All these centuries later, the attempted creation of black and white where only grey exists reads to me like a container for doubt, a strategy for managing the sense of danger and anxiety that bubbles to the surface with an unsolved crime. The era of Rabbinic Judaism was barely more than a century after the destruction of the Second Temple, and it seems to me that the exactitude the Rabbis brought to the matter served a psychological purpose. For a people who had lost everything—twice—the need to manage uncertainty must have been profound. Their precision was the best tool they had for facing the existential dread that accompanied them day by day. I imagine them telling themselves, “If we know what to do, we can hold on.” Ritual filled the void when uncertainty grew unbearable. The Sages of the Talmud reached into every corner where a question might lurk, no matter how revolting or far-fetched.

Yet questions and doubts, innocent blood and senseless violence, and devastating questions of social order are again the topic of the day, and whether or not a killer’s identity is known, the very act of murder remains a mystery in and of itself. This week, a twenty-three-year-old opened fire on Annunciation Catholic school, killing two children as they prayed at Mass, and injuring at least 18 others. This horrific burst of violence—one in a too-long stream of similar events—forces us yet again to confront the darkness that persists in human nature, millennia after the Torah tried to locate an answer where none could exist.

And yet … about some things there is no doubt, no mystery. There is no doubt that we live in a society where weapons of war are available to private consumers; where red flags such as hateful social media posts are ignored or explained away; where cruelty has become part of the currency for much communication, particularly online; and where mass shooting after mass shooting after mass shooting gets met with hand-wringing and “thoughts and prayers” and an attitude of voluntary inevitability. There is no mystery, other than how and why inertia feeds on itself as more and more innocent people are murdered simply because they were in the wrong place at the wrong time.
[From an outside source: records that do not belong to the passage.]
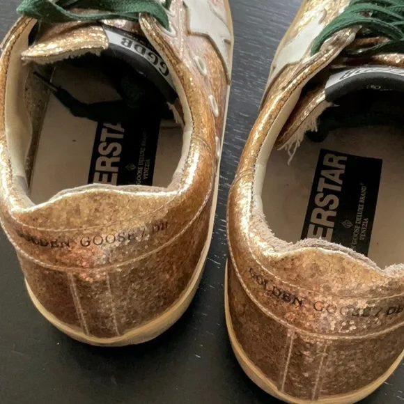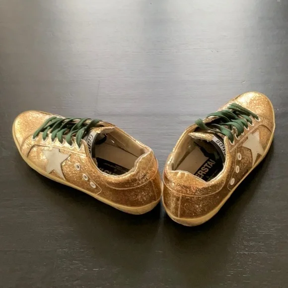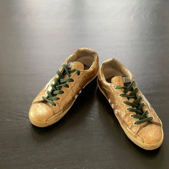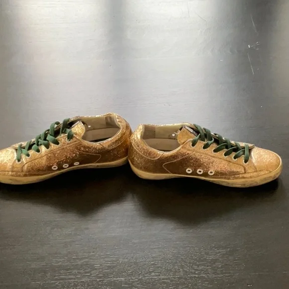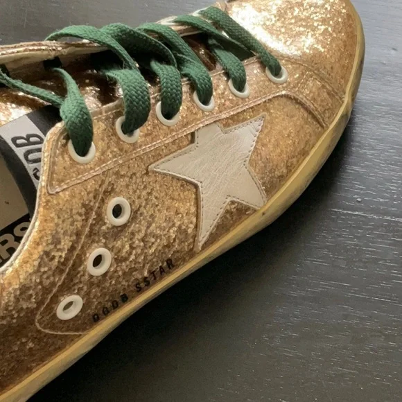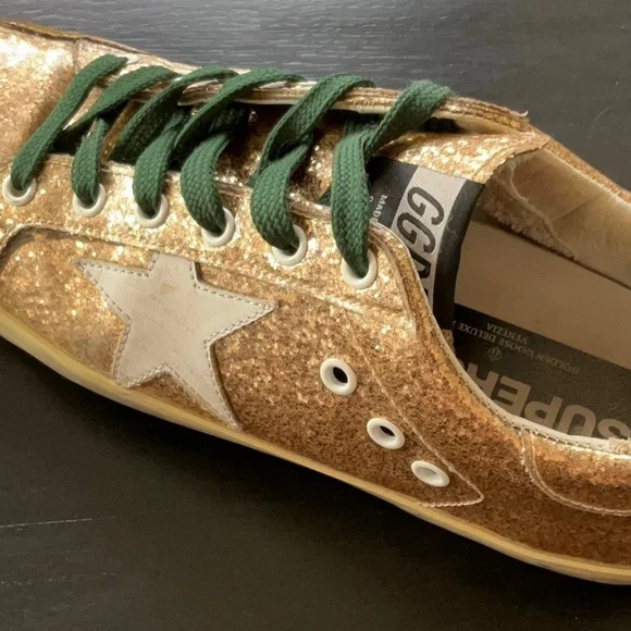 Golden GooseGold Glitter SneakerSuperstarGreen LacesSize 38These are coated glitter Preloved.Super StarAuthentic.Comes with box and bag
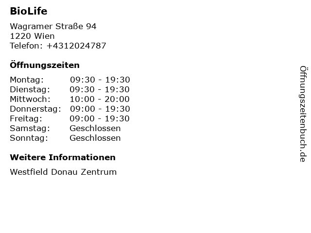 | Öffnungszeiten BioLife in Wien anzeigen | |
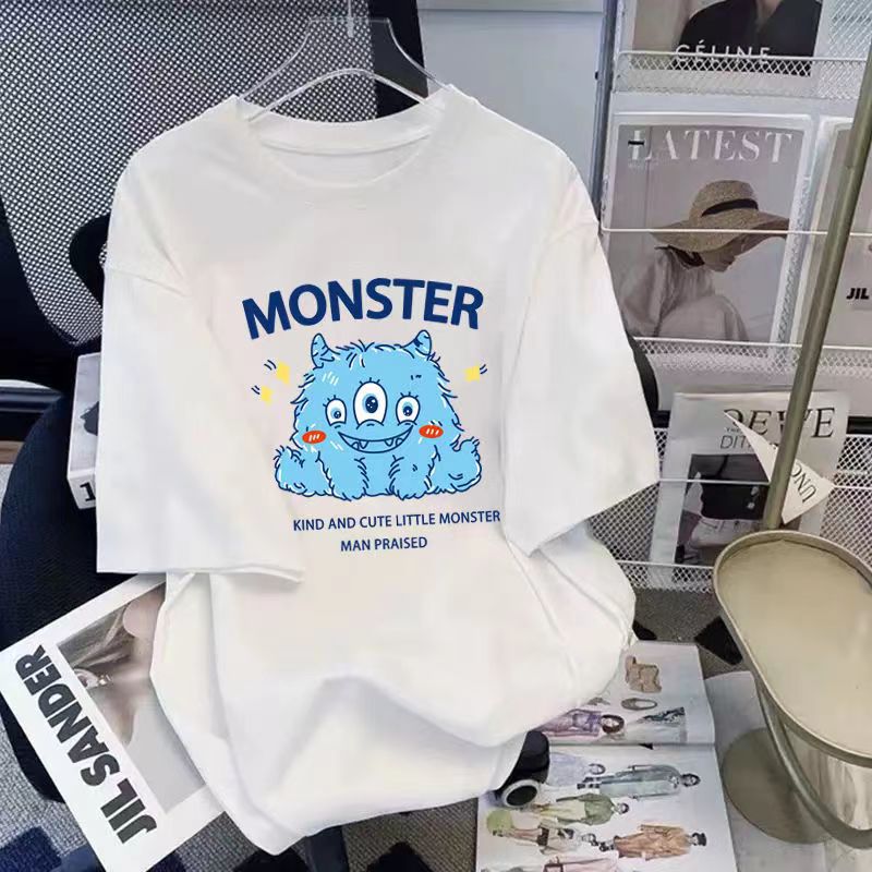 • 홍콩 스타일 아이스 실크 짧은 소매 흰색 괴물
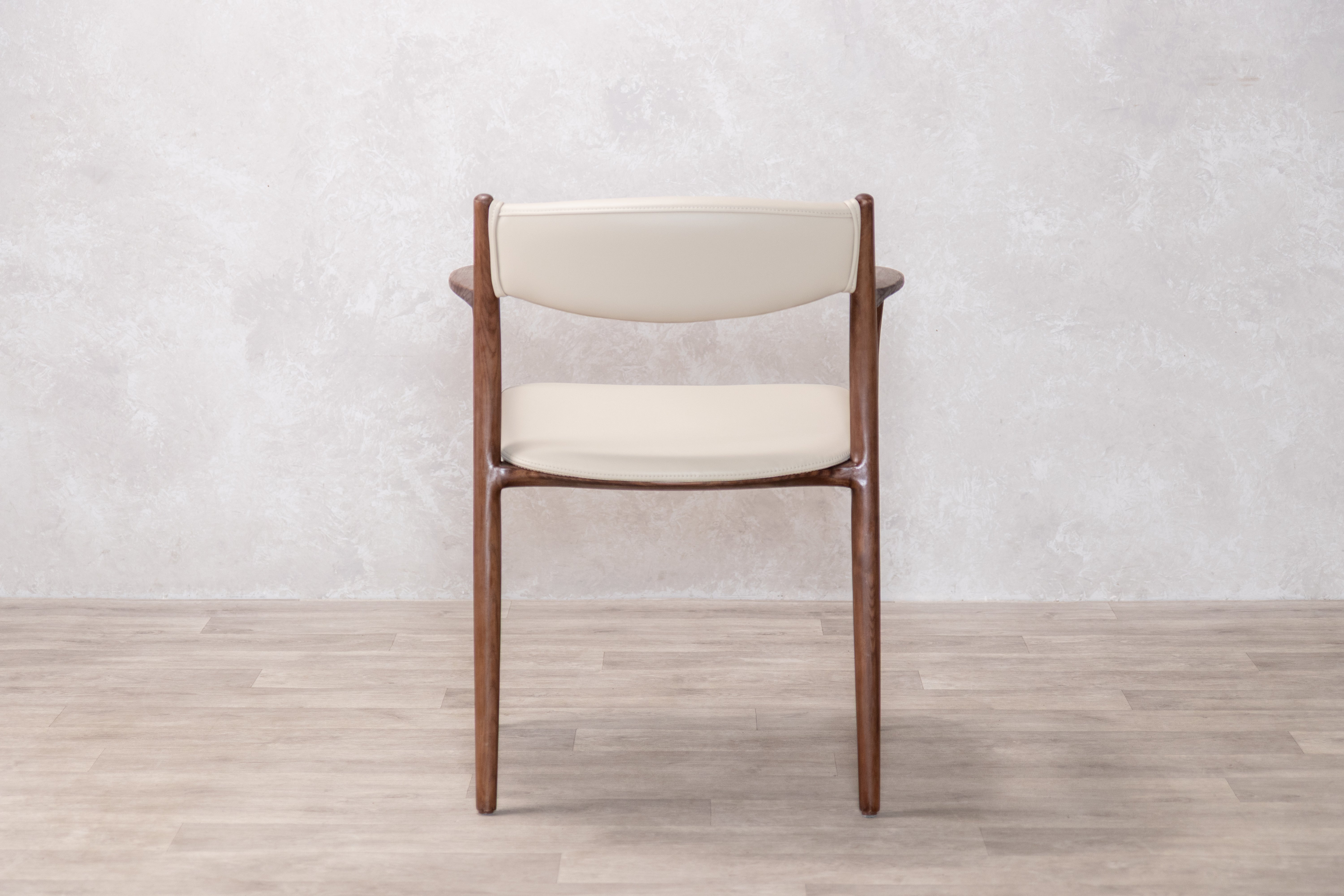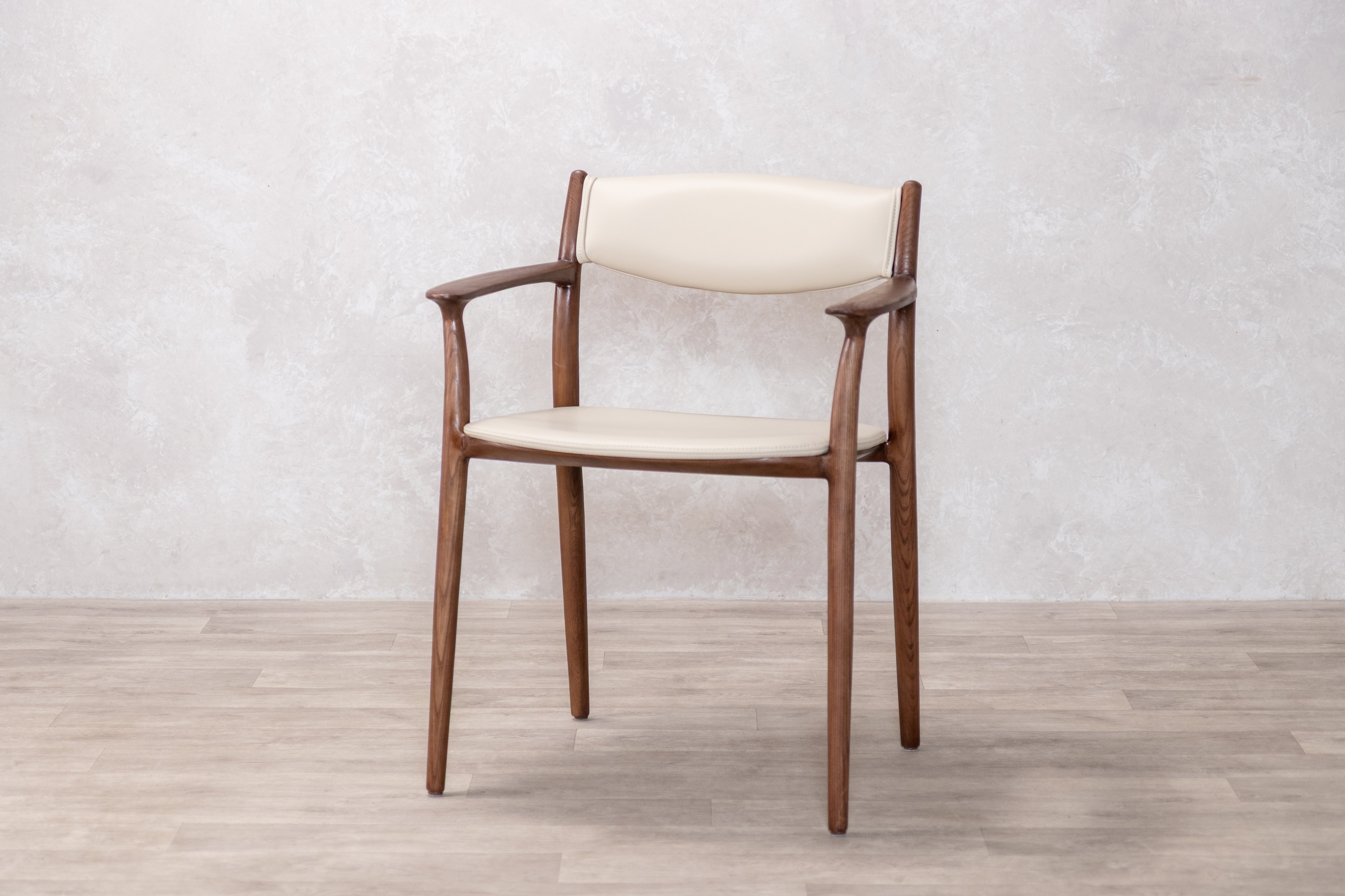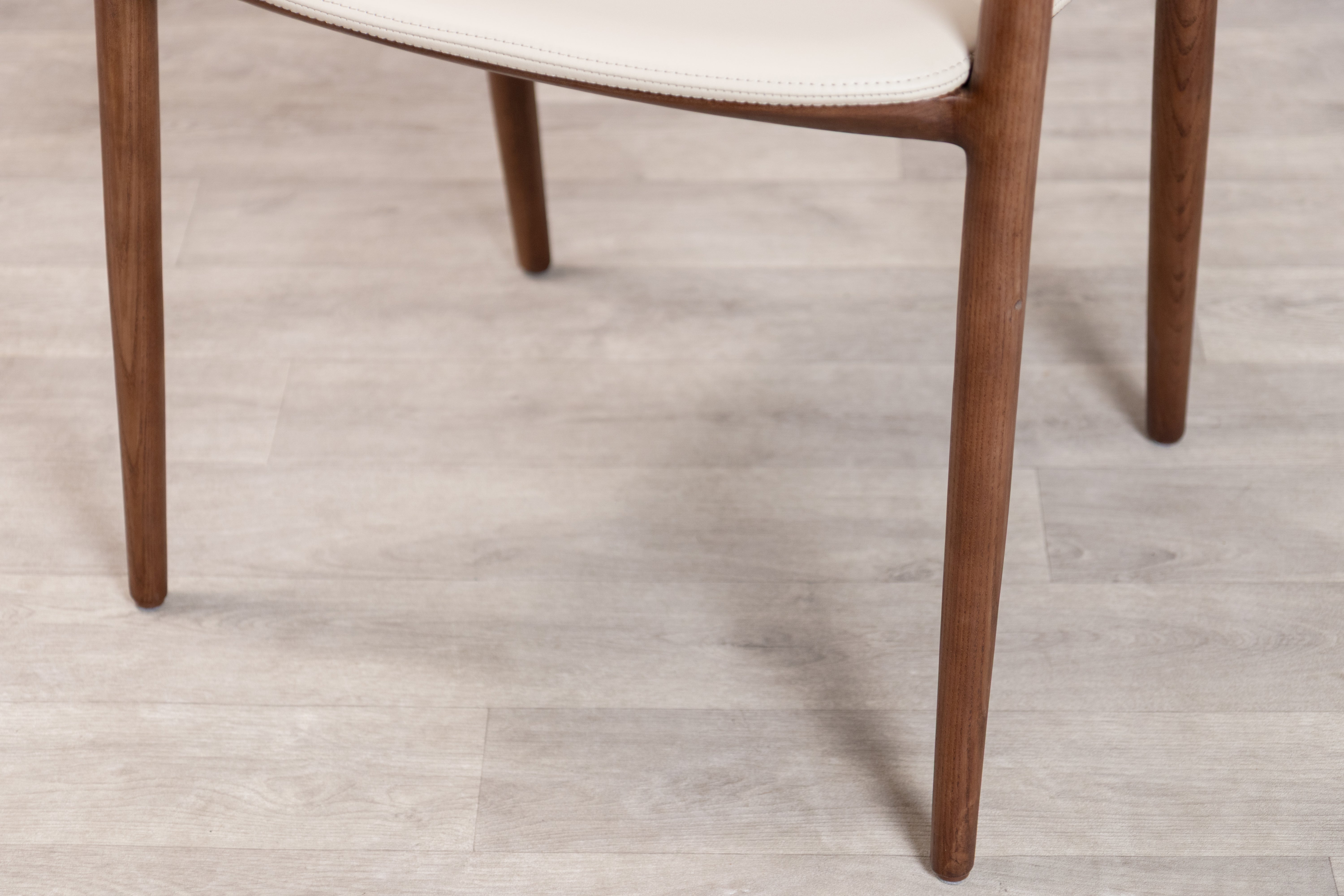 The Belvedere dining chair showcases organic beauty through its meticulously crafted solid ash wood frame, where thin lines and a gently curved silhouette create a sense of refined simplicity. The open back design allows the natural grain of the wood to take centre stage while maintaining an airy, contemporary aesthetic that works seamlessly in both dining and occasional seating arrangements. Neutral PU Leather upholstery on the fixed seat and back provides comfort without overwhelming the chair's graceful profile, making it a versatile piece that adapts to modern interiors while celebrating the inherent character of natural materials.
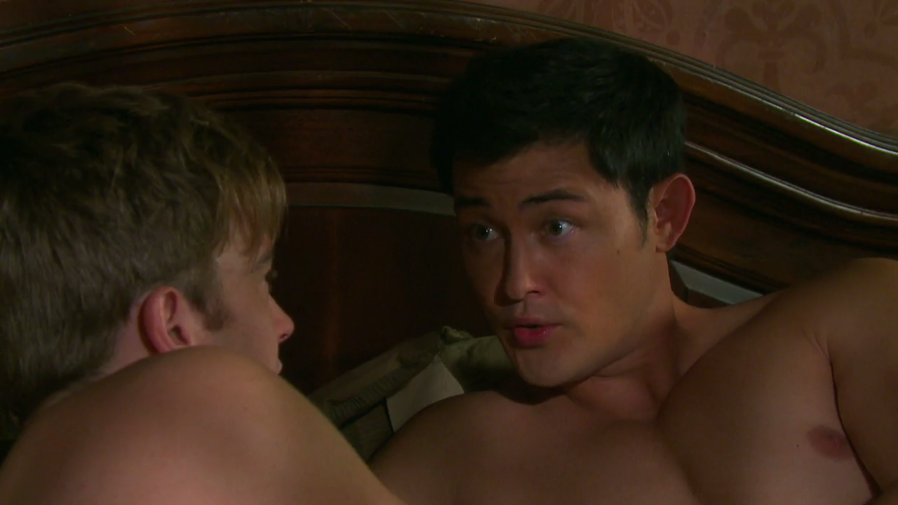 Days of Our Lives got Chandler Massey stripped down to a towel this week. The May 8th episode found Paul (played by Christopher Sean) paying a visit to his neighbor Will (played by Chandler). Will answers the door clad only in a towel and things get instantly steamy when he invites Paul inside. The towel comes off and the two head to bed together. Both actors are shirtless for the two bed scenes that follow. Their shared ex, Sonny (played by Freddie Smith), later lashed out at Paul for drawing Leo (played by Greg Rikaart) into his latest investigation with questions about his potential connection to the villain Vivian. This leads Sonny to dismiss his efforts to keep Leo at arms length because of their working relationship and the two share a kiss.
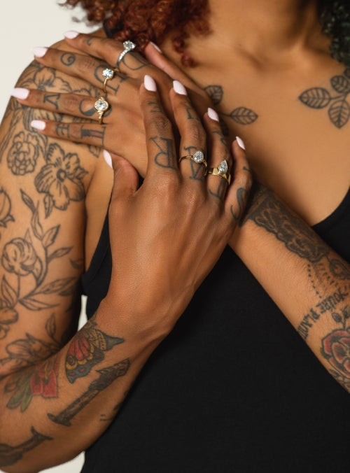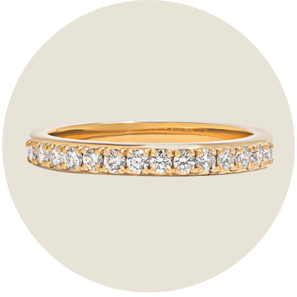 - Rings take a lot of abuse when you wear them daily, so no matter what type of ring you get, we recommend having a local jeweler inspect it every year to make sure everything looks good. This is especially true for pavé - and all prong settings - as those prongs can loosen with regular wear. As far as cleaning goes, we keep it simple with some Dawn dish soap, warm water and a baby toothbrush - just let it soak for a few minutes and gently scrub all the nooks and crannies. If you prefer jewelry cleaner, that works too! Just make sure that the product you’re using is compatible with your ring - some kinds of cleaner can remove the rhodium plating on white gold, for instance.
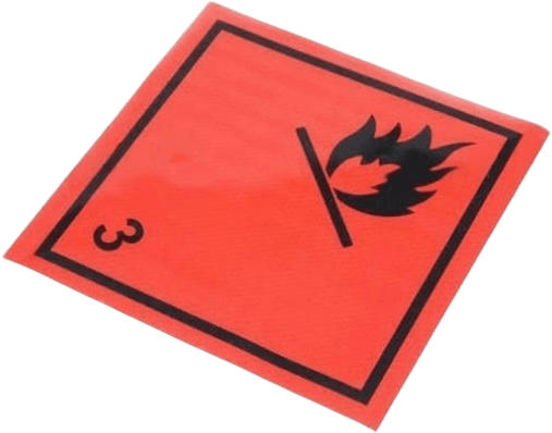 Наклейка "Небезпечний вантаж" - це спеціальний маркувальний елемент, який використовується для позначення вантажів, що підпадають під категорію небезпечних. Вона виконана в червоному кольорі з чорним символом полум'я, що вказує на легкозаймистість матеріалу. Номер «3» у нижньому правому куті позначає клас небезпечних речовин, до якого належить вантаж, а саме - легкозаймисті рідини.
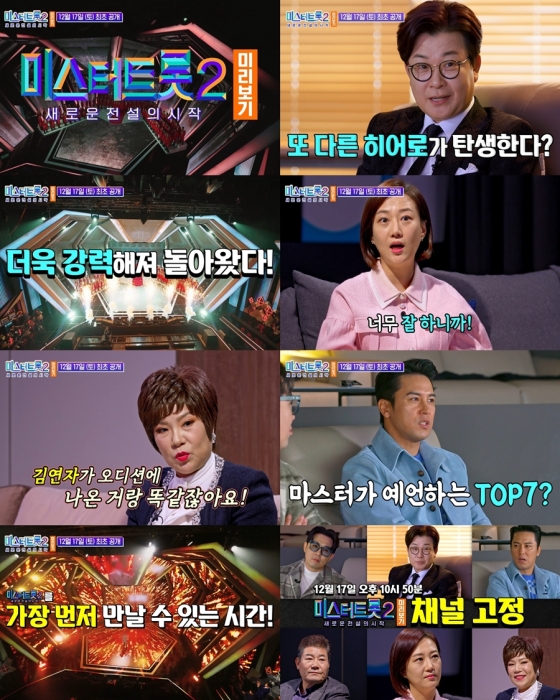 한편, 오는 12월 22일(목) 밤 10시 첫 방송되는 '미스터트롯2-새로운 전설의 시작'은 참가자들의 면면이 베일을 벗은 직후부터 연일 온오프라인을 뜨겁게 달구며 남다른 화제성으로 그 명성을 입증했다. 특히, 헤비급 타이틀전을 방불케하는 역대 최강 우승부, 송가인도 이긴 괴물 '트롯 영재' 유소년부 박성온, '트로트에 진심'인 연예인 참가자들의 '영역 파괴' 선언 등 놀라운 인물들의 출연 소식이 속속 전해지며 이슈의 중심이 되고 있다.
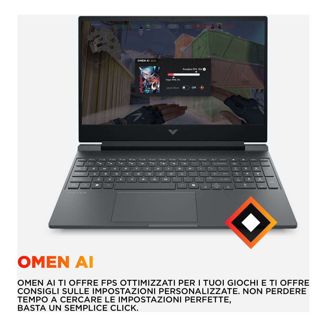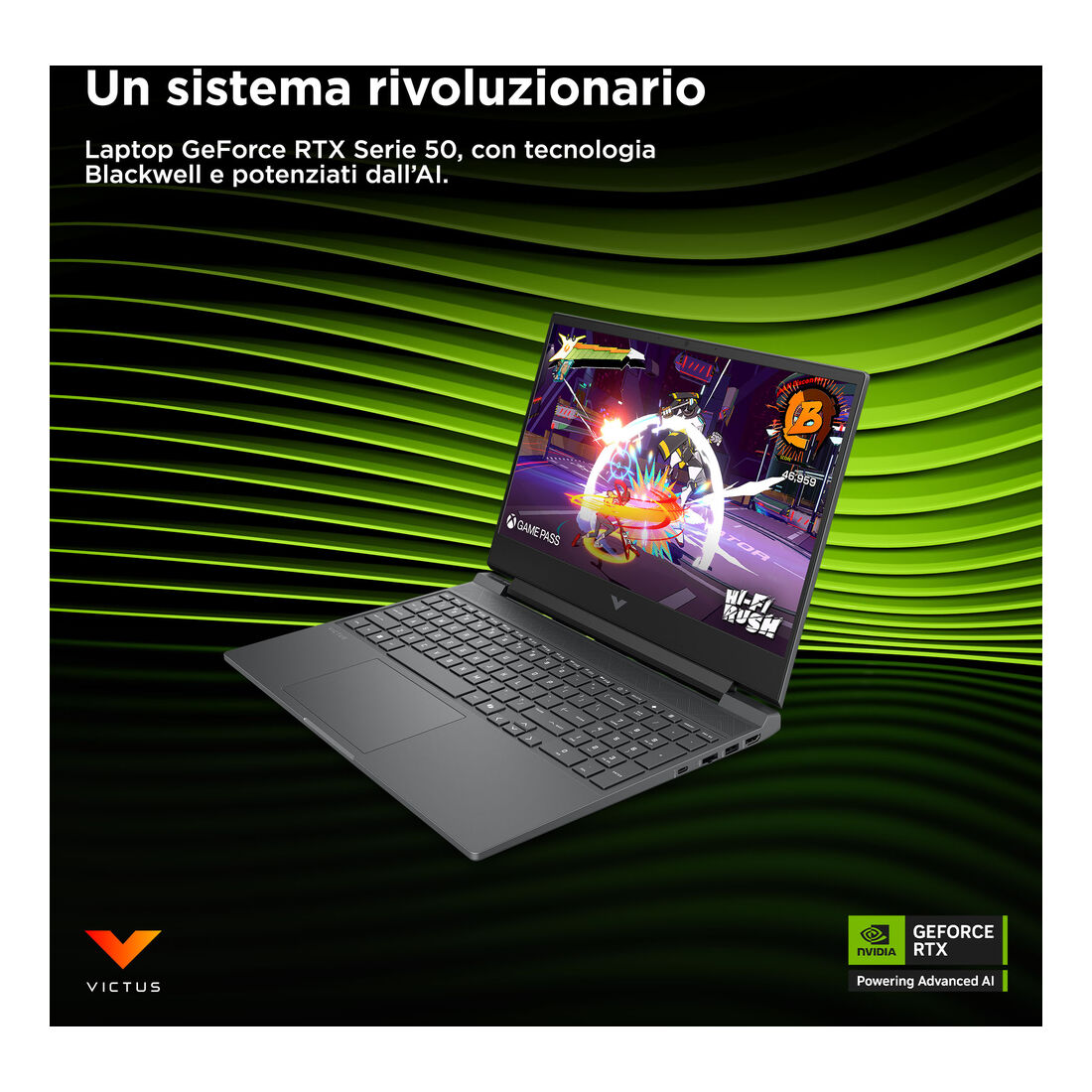 HP Victus Gaming 15-fa2016nl. Tipo di prodotto: Computer portatile, Fattore di forma: Clamshell. Famiglia processore: Intel® Core™ i5, Modello del processore: i5-13420H. Dimensioni diagonale schermo: 39,6 cm (15.6″), Tipologia HD: Full HD, Risoluzione del display: 1920 x 1080 Pixel. RAM installata: 16 GB, Tipo di RAM: DDR5-SDRAM. Capacità totale di archiviazione: 512 GB, Supporto di memoria: SSD. Modello scheda grafica integrata: Intel® UHD Graphics, Scheda grafica dedicata: NVIDIA GeForce RTX 5050. Sistema operativo incluso: Windows 11 Home. Colore del prodotto: Nero

Ironically, Parshat Shoftim also contains the famous phrase

צֶדֶק צֶדֶק תִּרְדֹּף
Justice, justice shall you pursue

We are tragically far from that ideal; day by day, the pursuit of justice is entangled in the snares of polarization, a warped definition of liberty, a dogged commitment to the wrong rights, and sheer exhaustion on the part of those of us who might make a change. Fletcher Merkel and Harper Moyski, the two children who were murdered this week, are just the most recent casualties of this uniquely American repetition compulsion. While we all go through the well-practiced motions of outrage and defensiveness and red herrings and legislative entropy, more and more will die.

This is not a dvar Torah with an easy answer. As obvious as the circumstances are, there seems to be no solution to this modern-day plague that pokes with too much regularity at the holes in our society. As we agonize and wait and advocate for change, let us learn from our ancestors about managing unbearable confusion and pain. Let us invest in ritual and the divine comfort we heard in today’s haftarah and in the blessing of community. And may we never know such sorrow again.